Close_forecast is the column that we are trying to predict here which is the price for the next day

In [None]:
# Set the 'Date' column as the index
df.set_index('Date', inplace=True)
X = np.array(df.index).reshape(-1,1)
# To create the NumPy array X from the index values of the dataframe df('Date')
# df.index refers to the index values of the DataFrame df, which in this case are the dates.
# np.array(df.index) converts the index values into a NumPy array.
# .reshape(-1,1) is used to reshape the array. In this case, -1 indicates that the number of rows is unknown and will be inferred based on the number of elements in the array, while 1 indicates that there should be only one column.
# By reshaping the array to have one column, we are preparing the data to be used as the independent variable (X) in the linear regression model.
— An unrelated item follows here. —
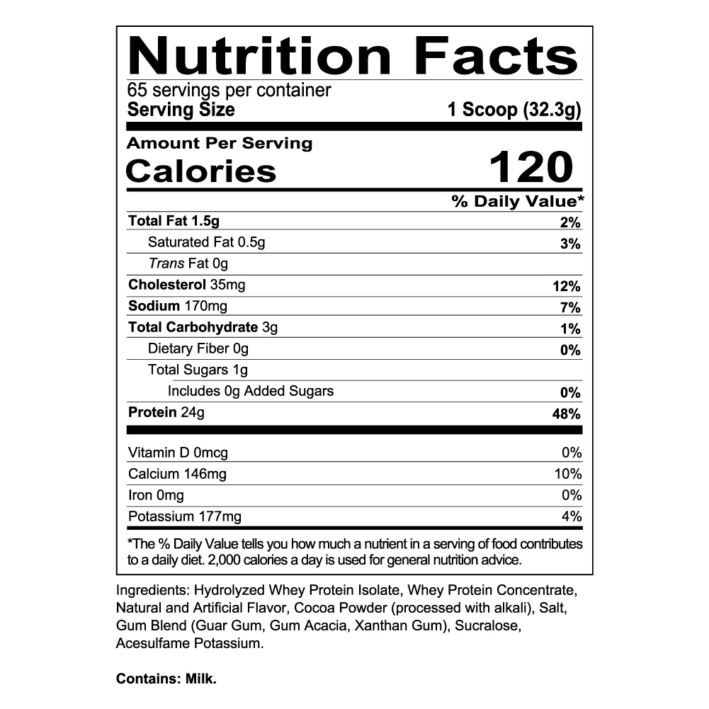 Protein Concentrate, Natural and artificial flavors Red Russet cocoa powder,
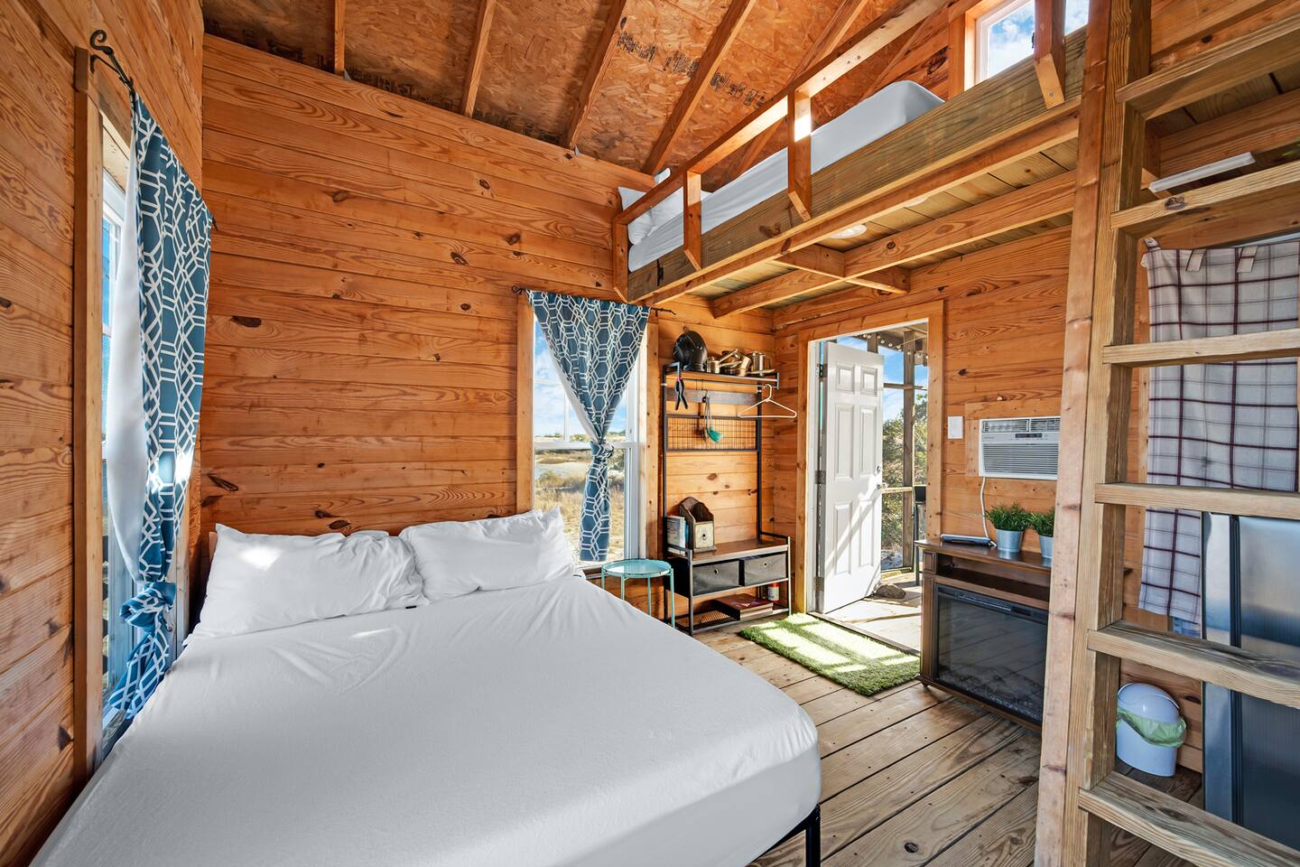 FEATURED ON: HGTV and TrentTheTraveler (2 Days ALONE on an Island) Glamp in a Tiny Cabin! Swansboro is named in “The 25 coolest towns in America to visit in 2021” Matador Network No boat? No problem. We have a licensed captain that will get you to and from the island included in your booking. Th entire island with Tiny House Cabin Completely private with 360 degrees of shoreline 40' Private Dock Cabin 4 kayaks 1 Queen Bed 1 Double Bed in Loft Charcoal BBQ Fire pit Generator AC/Heat

The X array will contain the dates, allowing us to train the model to predict the stock prices based on the corresponding dates
y = df['Close_forcast']

In [None]:
# Splitting the data into train and test set
X_train,X_test,y_train,y_test = train_test_split(X,y,test_size=0.3,random_state=5)

In [None]:
X.shape

In [None]:
X_train.shape

In [None]:
y_train.shape

In [None]:
y_test.shape

**Scaling the train set features**

In [None]:
mm = MinMaxScaler()
ss = StandardScaler()

#Feature Scaling -results in a feature set having normally distributed values
ss.fit(X_train)

**BUILDING LINEAR REGRESSION MODEL**

In [None]:
# Creating an instance of the LinearRegression class and training it
lr = LinearRegression()
lr.fit(X_train,y_train)
# y_pred = lr.predict(X_test)

In [None]:
type(X_test)

In [None]:
# Predict the stock prices
X_test = X_test.astype(float)
y_pred = lr.predict(X_test)

In [None]:
y_test

In [None]:
y_pred_df = pd.DataFrame(y_pred)
y_pred_df

In [None]:
y_test_df=pd.DataFrame(y_test)
y_test_df

In [None]:
# Create a new DataFrame for visualization
df_pred = pd.DataFrame({'Actual': y_test_df['Close_forcast'], 'Predicted': y_pred}, index=y_test.index)

In [None]:
df_pred = df_pred.reset_index()
df_pred

In [None]:
df_pred.dtypes

In [None]:
# Sorting the df_pred dataframe according to 'Date'
df_pred_sorted = df_pred.sort_values('Date')
df_pred_sorted

**PLOT PREDICTED vs ACTUAL PRICE ON TIME SERIES PLOT FOR GOOGLE**

In [None]:
# Plot the actual and predicted stock prices
plt.figure(figsize=(12, 6))
plt.plot(df_pred_sorted['Date'], df_pred_sorted['Actual'], label='Actual')
plt.plot(df_pred_sorted['Date'], df_pred_sorted['Predicted'], label='Predicted')
plt.title('Actual vs Predicted Stock Prices - GOOGLE')
plt.xlabel('Date')
plt.ylabel('CLosing Price')
plt.legend(['Actual', 'Predicted'])
plt.show()

**MODEL EVALUATION**

In [None]:
# Calculating theMAE and MSE for the Model
print(mean_absolute_error(y_test,y_pred))
print(mean_squared_error(y_test,y_pred))
np.sqrt(mean_squared_error(y_test,y_pred))

**DECICISION TREE REGRESSION**

In [None]:
from sklearn.model_selection import cross_val_score

from sklearn.tree import DecisionTreeRegressor
tree_reg = DecisionTreeRegressor()
tree_reg.fit(X_train, y_train)

In [None]:
y_pred_tree = tree_reg.predict(X_test)

In [None]:
mean_squared_error(y_test, y_pred_tree)

In [None]:
#but this is overfitting model
#cv=8 => dividing into 8 folds
rmses = np.sqrt(-cross_val_score(tree_reg, X_train, y_train, cv=8, scoring='neg_mean_squared_error'))

In [None]:
#rmse of DecisionTreeRegressor
rmses

**RANDOM FOREST REGRESSOR**

In [None]:
from sklearn.ensemble import RandomForestRegressor
rand_reg = RandomForestRegressor()
rmses = np.sqrt(-cross_val_score(rand_reg, X_train, y_train, cv=8, scoring='neg_mean_squared_error'))

In [None]:
#rmse of RandomForestRegressor
rmses

In [None]:
rand_reg.fit(X_train, y_train)
y_pred_rf = rand_reg.predict(X_test)
mean_squared_error(y_test, y_pred_rf)

The minimum value of Root Mean Squared Error is obtained by using the RandomForestRegressor model.